Stricter read.table?
Stavros Macrakis <macrakis <at> alum.mit.edu> writes:
read.table gives idiosyncratic results when the input is formatted strangely, for example: read.table(textConnection(
"a'b\nc'd\n"),header=FALSE, fill=TRUE,sep="",quote="'")
=> "c'd" "a'b" "c'd" read.table(textConnection(
"a'b\nc'd\nf'\n'\n"), header=FALSE,fill=TRUE sep="",quote="'")
=> "f'" "\na" "b" "c'd" "f'" "\n" Though read.table doesn't specify the syntax of its input precisely, these results don't seem particularly useful or consistent. Is there a stricter version of read.table (perhaps in a package) that gives errors or warnings if it finds quotation marks in the middle of fields or encounters other such peculiar situations?

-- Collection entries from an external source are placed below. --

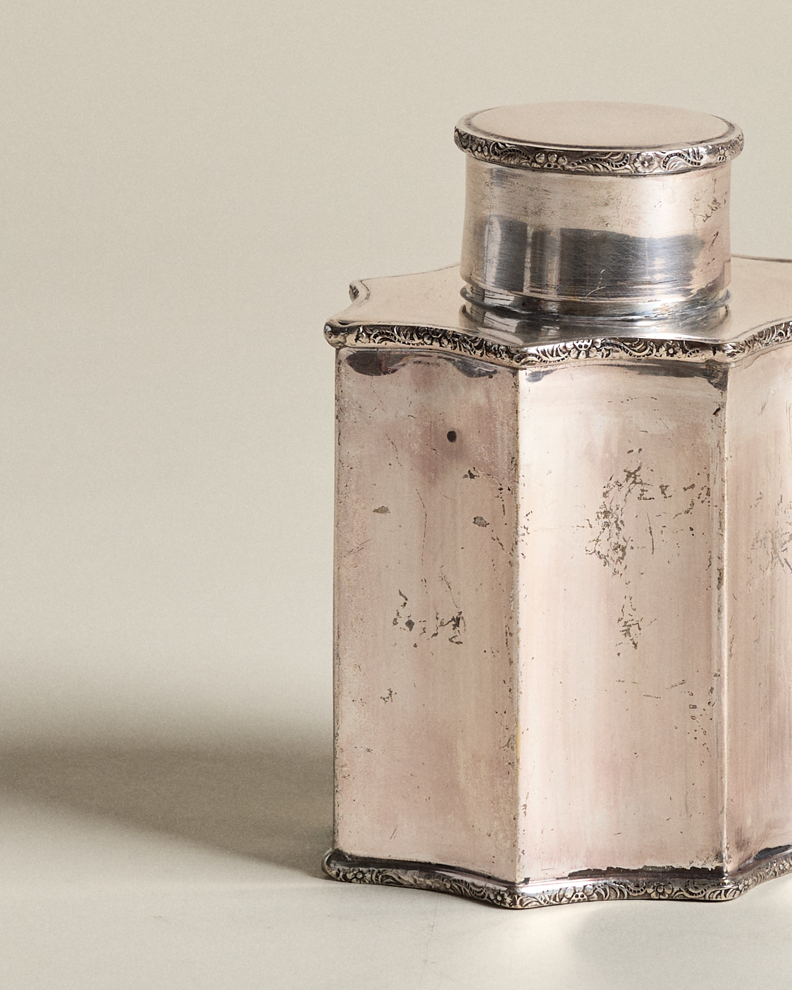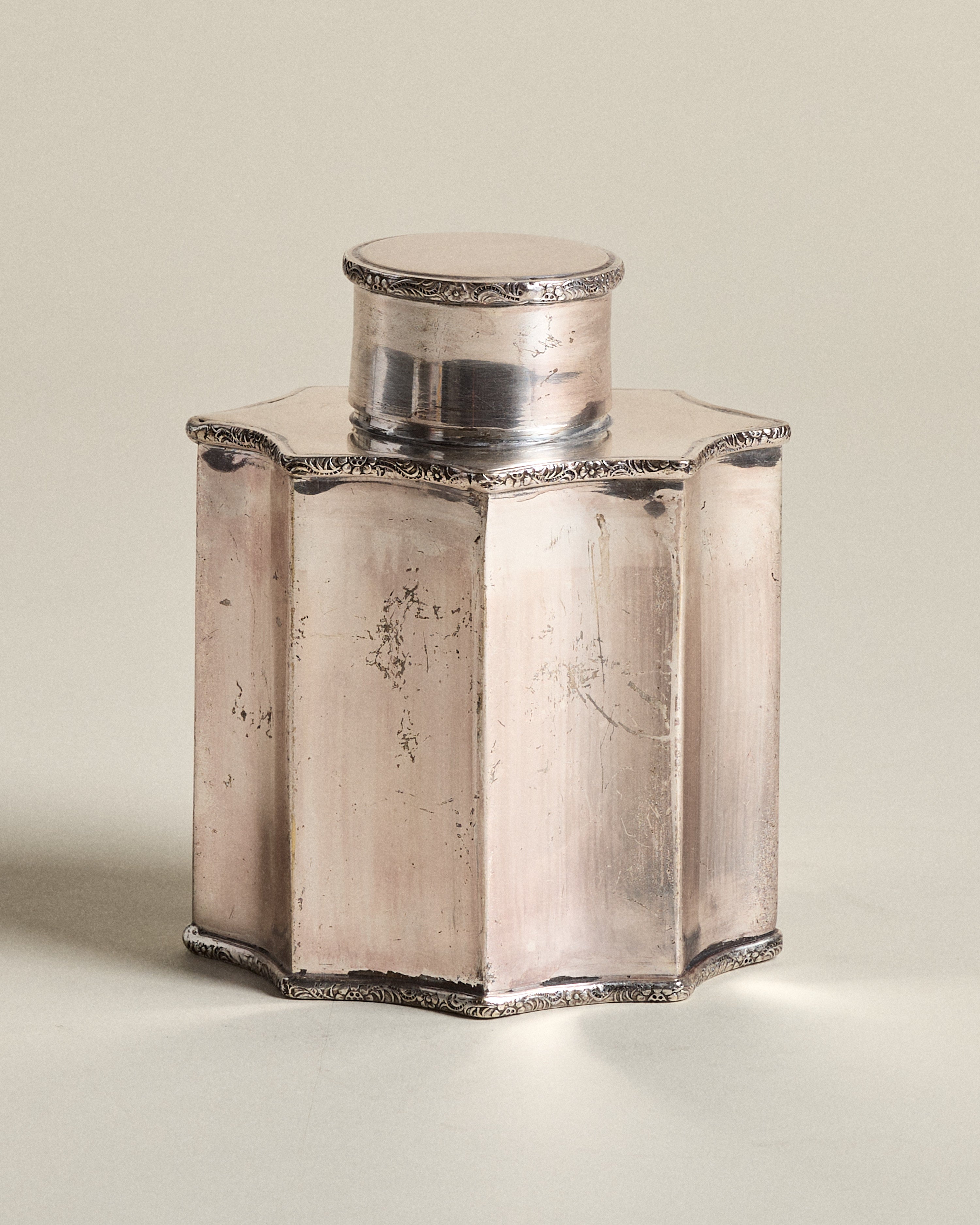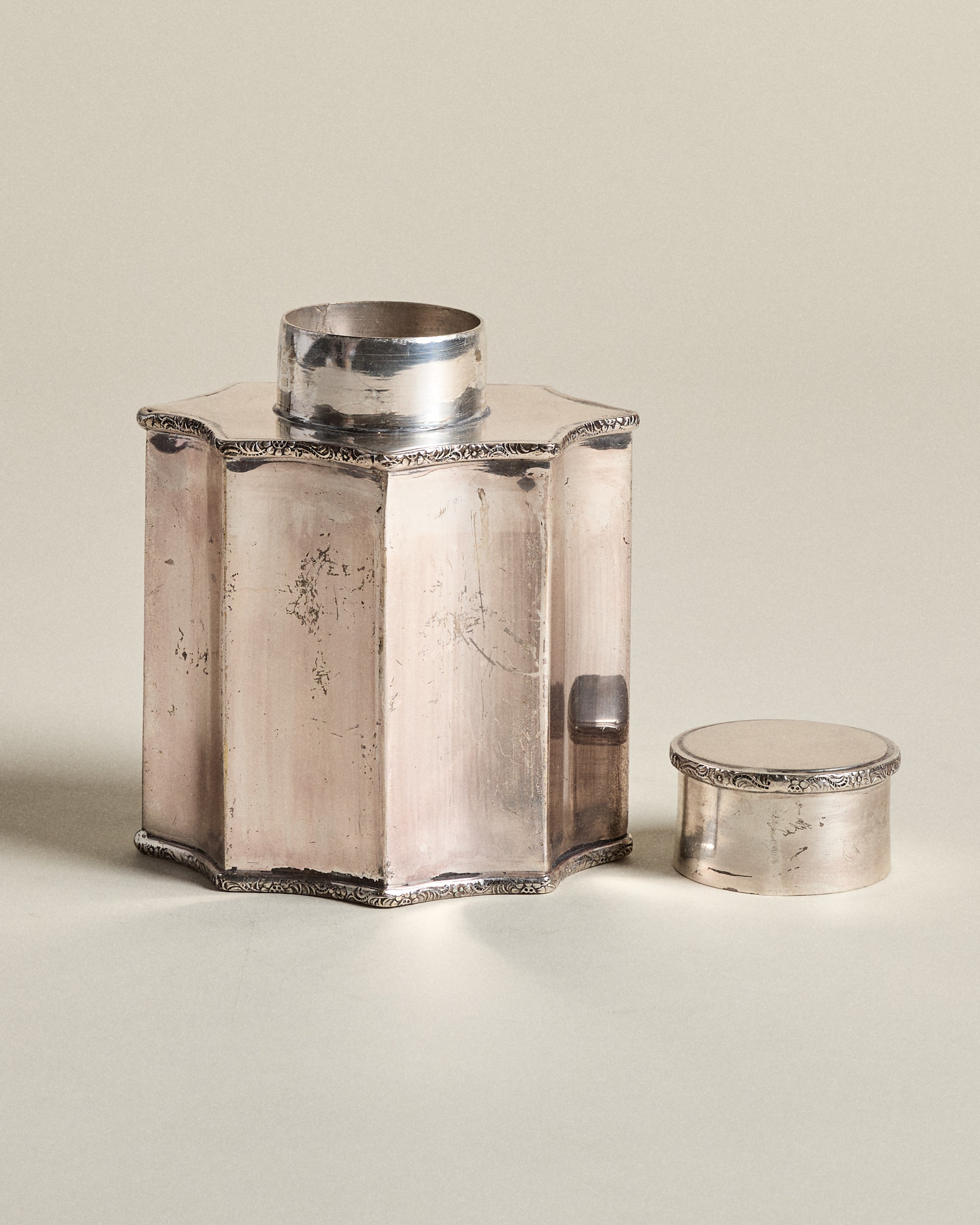 Vintage silver plate tea caddy with scalloped sides and fitted lid, edged with engraved figural scrollwork. Likely mid-20th century, this canister-style form reflects the elegance of traditional tea storage.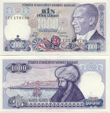 1000 Türk Lirası banknotun arka yüzü (1986-1992)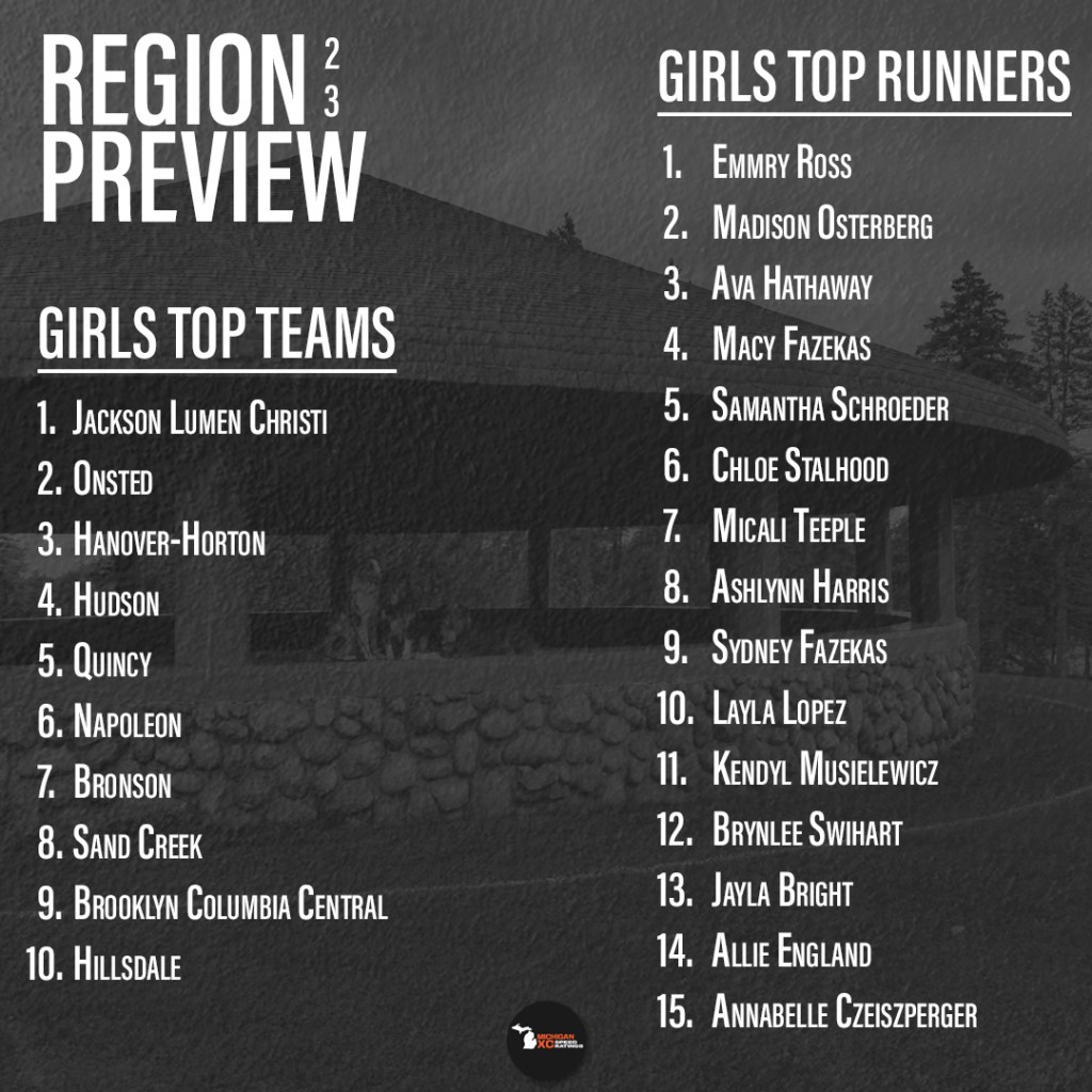 Jackson Lumen Christi (Top 6), Onsted (21st), Hanover-Horton (25th)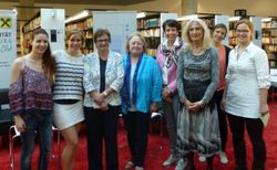 Die Studentinnen Johanna Gutschi und Sarah Baumgartner mit Vizerektorin Sylvia Hahn, Maria Ganauser (Juristin), Alexandra Schwaiger-Hild ( Romanistin), Andrea Reiser (bildende Künstlerin) sowie den Kommunikationswissenschafterinnen Ute Giacomozzi und Jennifer Rödl (Moderatorin)
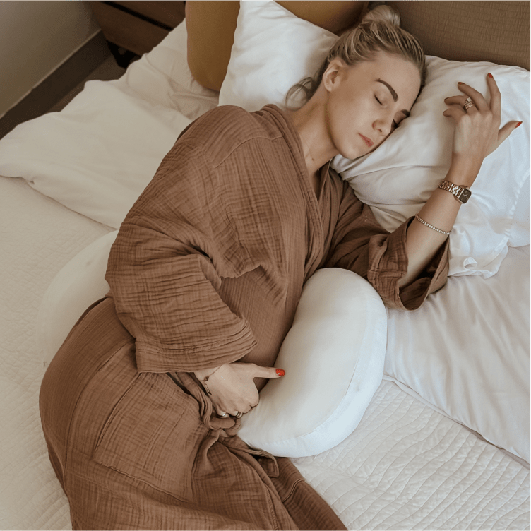 "Most pregnancy pillows are oversized and filled with synthetics. This silk pillow offers targeted support, cooling comfort, and real relief without the bulk or the plastic."

I dissected this behavior a bit more here <https://stat.ethz.ch/pipermail/r-devel/2010-November/059016.html> (it is due to an inconsistency between the way that scan() and readLines() handle lines with unterminated quotes, IIRC) and Martin Maechler said <https://stat.ethz.ch/pipermail/r-devel/2010-November/059107.html> "I think it can be defended to file as a bug, but it is tricky to pinpoint exactly what the issue is." I don't know of a stricter version of read.table(), but if you had the time and inclination to pick through the code and (i) provide a careful definition of desired behavior and (ii) supply patches, you could do your little bit to make R better. (If I posted a bug report would you annotate it with a discussion of desired behavior?)